Potential Correlation Between Bombus lantschouensis Thoracic Morphology and Flight Behavior.

Abstract

Remarkably little modern work has investigated the thoracic structures of insects and their relationship to flight locomotion. Most studies focus exclusively on either morphology or flight kinematics. In this study, we explore within-species variation in mesosomal structures (thorax + propodeum) and their correlation with different flight modes of Bombus lantschouensis. The mesosomal structures, including skeletons and muscles, of four categories-pre-mating queen, post-mating queen, drone, and worker-are examined using micro-CT and 3D reconstruction. Their flight behaviors are also captured using high-speed cameras. Three key kinematic parameters are recorded-wingbeat frequency, flapping amplitude, and average speed-across three flight modes: takeoff, hovering, and forward flight.

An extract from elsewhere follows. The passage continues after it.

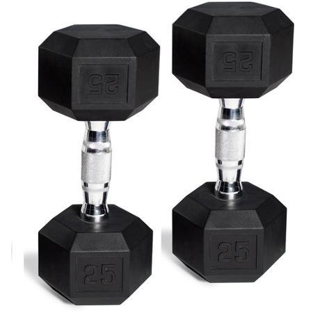 Get a satisfying and effective workout using CAP Barbell Rubber-Coated Hex Dumbbells. Sold in pairs, they come in a range of weights from 5 to 50 lbs per dumbbell. Premium and club-quality, they are made of cast iron and coated in rubber to protect the floor when they are set down. This set of two CAP Barbell dumbbells also features easy-to-grip, contoured handles for a comfortable, non-slip hold while you lift and curl. This also helps to reduce fatigue. The hexagon-shaped heads prevent them from rolling, making them easier and safer to store. These cast iron dumbbells make a suitable addition to either a home gym or one open for public use or club members. The weight is clearly marked on each dumbbell.

The wingbeat frequencies of the drone and the worker are higher than those of the queens. The relative distance between the mesophragma and propodeum (DMPP) and the toughness of the mesepisternum, part of the indirect flight system, are related to wingbeat frequency. Flapping amplitude is generally inversely proportional to wingbeat frequency, which might also be influenced by wing shape. After mating, additional fat in the body of the queen increased her weight and possibly compressed her muscles and DMPP, thereby reducing her average takeoff speed. Otherwise, the high diversity of the prothoracic muscles and the pronotal changes might be related to visual capabilities. The changes in the metathoracic muscles connecting to the metacoxal might be related to the functions of the hindlegs. This work provides a basis for future comparative work on bumblebee morphology and biomechanics.